One, 1 sub-Library reasons

First, in the case of a single database server with sufficient performance, the library has no effect on database performance. On the database storage, it database only plays a namespace role. databasethe table files in are stored in a database名 named folder. For example, the following employees database:

mysql> show tables in employees;+---------------------+| Tables_in_employees |+---------------------+| departments         || dept_emp            || dept_manager        || employees           || salaries            || titles              |+---------------------+

This is true in the operating system:

# haitian at haitian-coder.local in /usr/local/var/mysql/employees on git:master ● [21:19:47]→ ls  db.opt           dept_emp.frm     dept_manager.ibd salaries.frm     titles.ibddepartments.frm  dept_emp.ibd     employees.frm    salaries.ibddepartments.ibd  dept_manager.frm employees.ibd    titles.frm

databaseis not a file, only play namespace a role, so MySQL the size of database course there is no limit, and there is no limit to the number of tables inside.

So why divide the library?

The answer is to solve the performance problem of a single server, when a single database server can not support the current amount of data, it is necessary according to the business logic to close the table into a few points, respectively, placed in a different database server to reduce the load of a single server.

The Sub-library generally considers vertical slicing, unless the amount of data is still more than a single server can be loaded after vertical segmentation to continue to slice horizontally.

For example, a forum system database because the current server performance can not meet the needs of the sub-Library. First vertical segmentation, according to business logic to the user related data tables such as user information, points, user private messages and so put into the user database; Forum related data sheets such as plates, posts, replies, etc. into the forum database, two databases placed on different servers.

After splitting a table, it is often impossible to be completely unrelated, such as posting in a post or replying to a person that is in the user database. It is possible to get the reply of the current post, the person who posted it, the reply person and so on, before splitting it, it can only get the final data after multiple queries because the cross-database cannot be queried.

So summing up, the purpose of the library is to reduce the single server load, the principle of segmentation is based on the degree of business to split, the disadvantage is that cross-database can not be linked table query.

Ii. reasons for sub-table 1

When the amount of data is large, the B-tree index will not work. Unless the index overwrites the query, the database server needs to query all eligible records according to the results of the index scan, and if the amount of data is large, this will result in a lot of random I/O, and the database response time will be unacceptably high.
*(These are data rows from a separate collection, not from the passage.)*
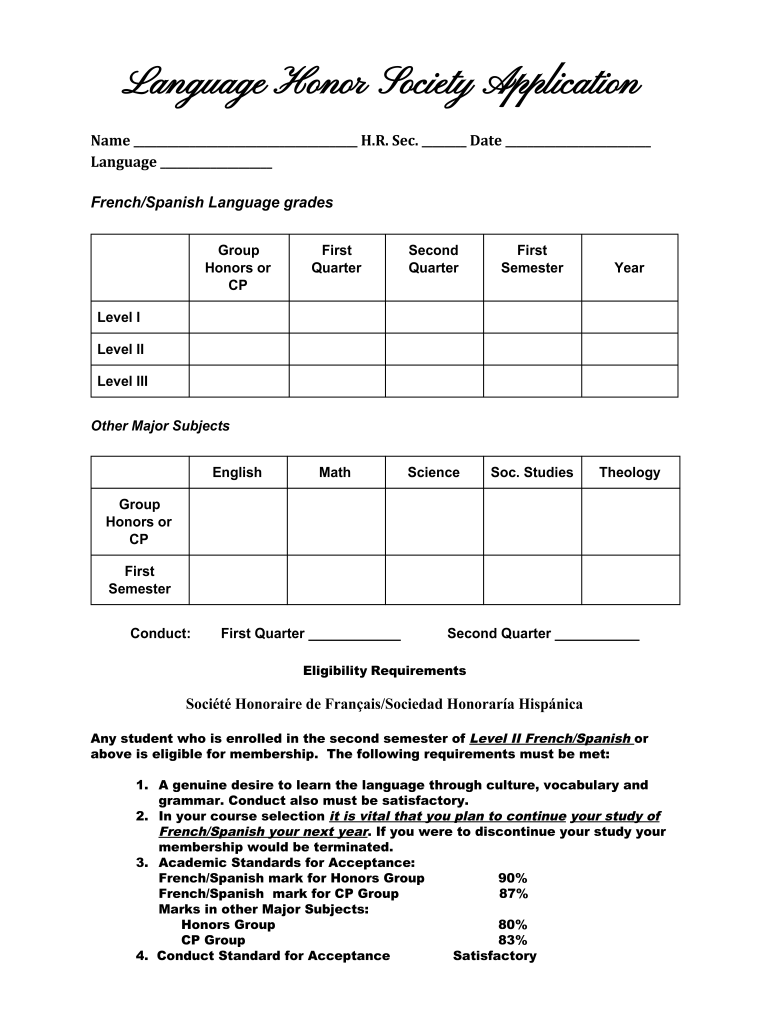 Language Honor Society Application Name H.R. Sec. Date Language French/Spanish Language grades Group Honors or First QuarterSecond Quarterfinal SemesterMathScienceSoc. StudiesYearLevel I Level II
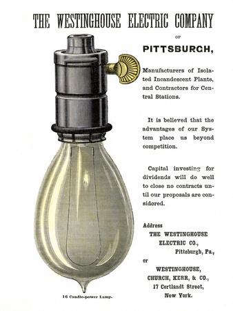 Bulb of the Westinghouse Electric Company: Incandescent Lamp worth the Power of 16 Candles. 1886 Ad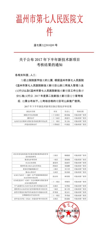 關(guān)于2017年下半年新技術(shù)新項目考核結(jié)果的通知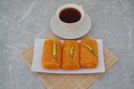 Chicken risoles and hot tea on bamboo mat background.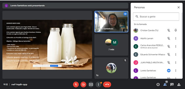 La cita inició con Loreto Santelices, jefa de desarrollo de la marca Chilemilk, quien presentó los avances de la iniciativa y que incluyó, entre otras gestiones, reuniones del gremio en Santiago con ProChile, con representantes de la industria láctea, y de manera virtual, con agregados de las oficinas comerciales y agrícolas de Emiratos Árabes Unidos y Estados Unidos, siendo respaldada por el equipo de Fedeleche.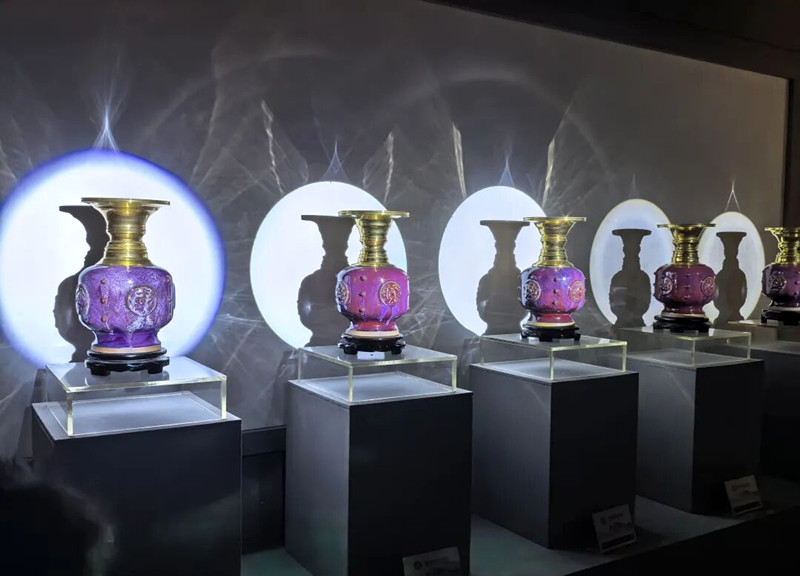 队伍首站抵达中国钧瓷文化园。天成阁典雅古朴,其内陈列的钧瓷作品——伟人尊的庄重、将军瓶的雄浑、五子登科的意趣、小口瓶的秀雅——无不流淌着“入窑一色、出窑万彩”的窑变神奇。聆听讲解,同学们对孔相卿大师等一代代匠人推动钧瓷技艺传承创新的贡献有了清晰认知。

In addition, the cost of index maintenance (disk space, I/O operations) is also very high.

2 Vertical sub-table

Reason:

1. Based on MySQL index implementation principle and the content of the relevant optimization strategy we know that the Innodb Primary index leaf node stores all the information for the current row, so reducing the field allows memory to load more rows of data, which facilitates querying.

2. Limited by file size in the operating system.

Segmentation principle: Dividing a field that is not commonly used or business logic tightly or stores more content into a new table allows the table to store more data.

3 Horizontal sub-table

Reason:

1. As the amount of data increases, the number of table rows is huge and the query becomes less efficient.

2. Also limited by the file size limit in the operating system, the amount of data can not be increased infinitely, when reaching a certain capacity, you need to slice horizontally to reduce the size of a single table (file).

Sharding principle: Incremental interval or hash or other business logic.

What kind of segmentation method to use is judged by the actual business logic.

For example, the access to the table is recently generated new data, historical data access less, you can consider the time increment according to a certain time period (such as annual) segmentation.

If you have a more uniform access to the table, there is no obvious hotspot area, you can consider using a range (such as 500w per table) or a normal hash or a consistent hash to slice.

Global PRIMARY Key issues:

Tables that originally relied on a database to generate primary keys (such as self-increment) need to implement their own primary key generation after splitting, because the general split rule is built on the primary key, so you need to determine the primary key when inserting new data before you can find the stored table.

In practical applications, there have been more mature schemes. For example, the self-increment table of the flickr main key, the global primary key generation scheme is a good solution to the performance and single point problem, the specific implementation principle can refer to this post. In addition, there are global primary key generation schemes similar to UUID, such as the ID generator of the delta reference Instagram .

Consistent hash:

The use of consistent hash segmentation is more extensible than normal hash segmentation, and can be used to add and delete split tables. Consistent hash of the specific principles can refer to this post, if the split table is stored on different server nodes, you can use the same as post to the node name or IP hash; If a split table exists in a server, the split table name can be hashed.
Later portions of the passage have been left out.